Give back exactly the lines starting at the one with "Coral color, button" and ending at the last line of the data below. Pictures are not part of the copy.

■ DATA SEGMENT ■
*** Block opens ***

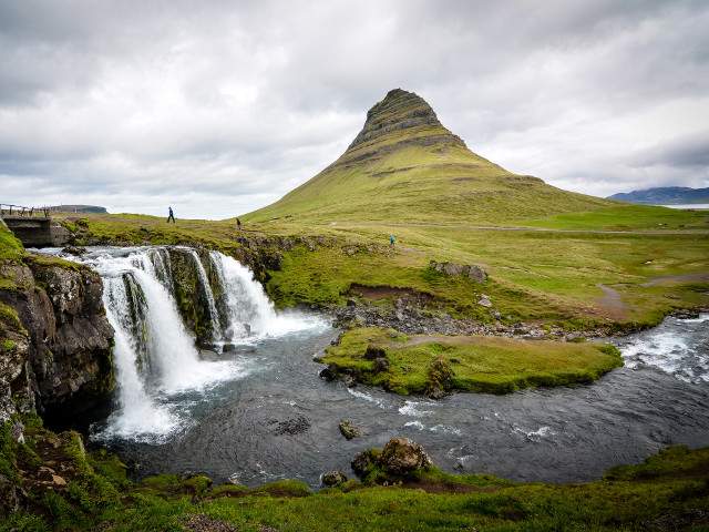 Muntele Kirkjufell, care se traduce prin "muntele biserica", gratie formei simetrice
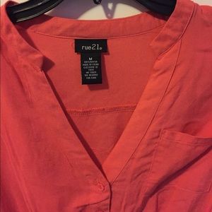 Coral color, button down. Very cute and stylish. No stains or flaws. Did come with a belt but it is not in my possession but a plain brown belt would like great with it. All buttons work. I usually wear a small in juniors and this dress fits me perfectly
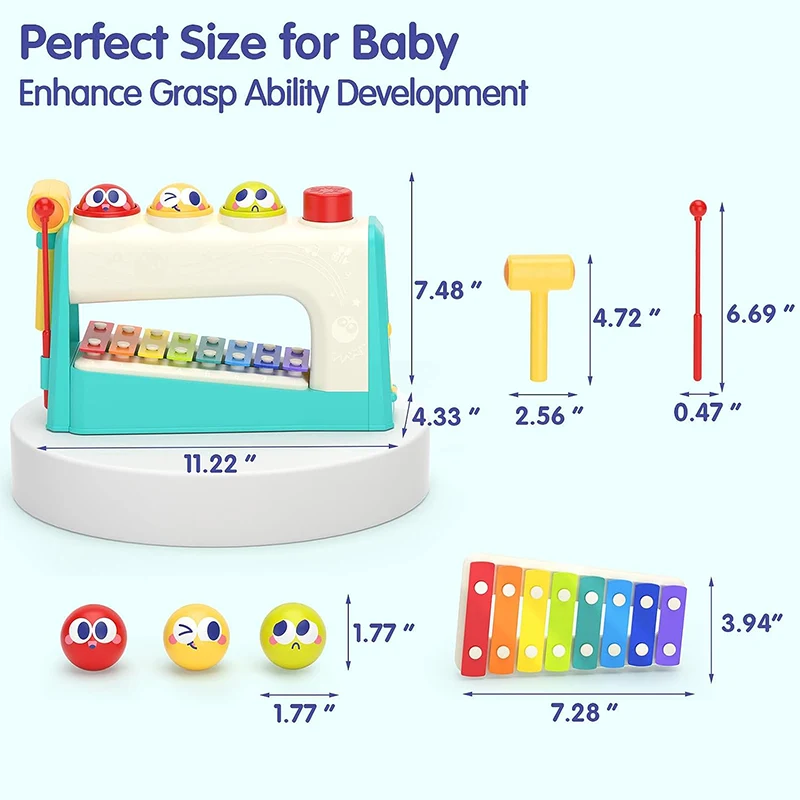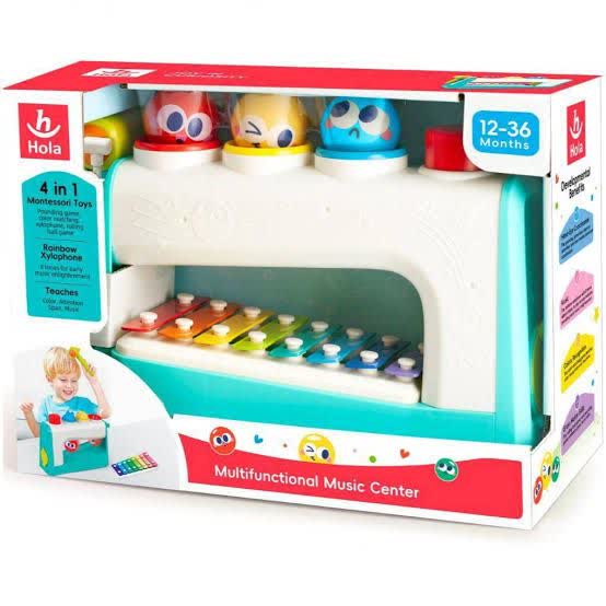 اسباب بازی بلز توپی هالی تویز Hola Toys multifunctional music center HE792700 یک سرگرمی عالی و آموزشی برای کودکان 18 ماه به بالا است. اسباب بازی چکش و بلز هولی تویز یک اسباب بازی موزیکال دو کاره است. در قسمت بالایی این اسباب بازی سه عدد توپ رنگی و یک عدد چکش وجود دارد که کودکان با کوبیدن بر روی توپها و دیدن حرکت آنها در مسیر، ضمن تقویت ماهیچههای خود لذت فراوانی میبرند. در قسمت پایین این اسباب بازی یک بلز 8 نت رنگارنگ وجود دارد که از اسباب بازی جدا می شود و می توان به تنهایی از آن استفاده کرد همچنین کودکان میتوانند با کمک مضراب همراه محصول روی تیغه ها ضربه زده و ریتم را یاد بگیرند. کودک شما با این اسباب بازی دو کاره ساعتها سرگرم بازی با اسباب بازی چکش و توپ و نواختن بلز خواهد بود.

*** Block closes ***

■ SOLUTION TO THE PROBLEM ■
 Coral color, button down. Very cute and stylish. No stains or flaws. Did come with a belt but it is not in my possession but a plain brown belt would like great with it. All buttons work. I usually wear a small in juniors and this dress fits me perfectly
 اسباب بازی بلز توپی هالی تویز Hola Toys multifunctional music center HE792700 یک سرگرمی عالی و آموزشی برای کودکان 18 ماه به بالا است. اسباب بازی چکش و بلز هولی تویز یک اسباب بازی موزیکال دو کاره است. در قسمت بالایی این اسباب بازی سه عدد توپ رنگی و یک عدد چکش وجود دارد که کودکان با کوبیدن بر روی توپها و دیدن حرکت آنها در مسیر، ضمن تقویت ماهیچههای خود لذت فراوانی میبرند. در قسمت پایین این اسباب بازی یک بلز 8 نت رنگارنگ وجود دارد که از اسباب بازی جدا می شود و می توان به تنهایی از آن استفاده کرد همچنین کودکان میتوانند با کمک مضراب همراه محصول روی تیغه ها ضربه زده و ریتم را یاد بگیرند. کودک شما با این اسباب بازی دو کاره ساعتها سرگرم بازی با اسباب بازی چکش و توپ و نواختن بلز خواهد بود.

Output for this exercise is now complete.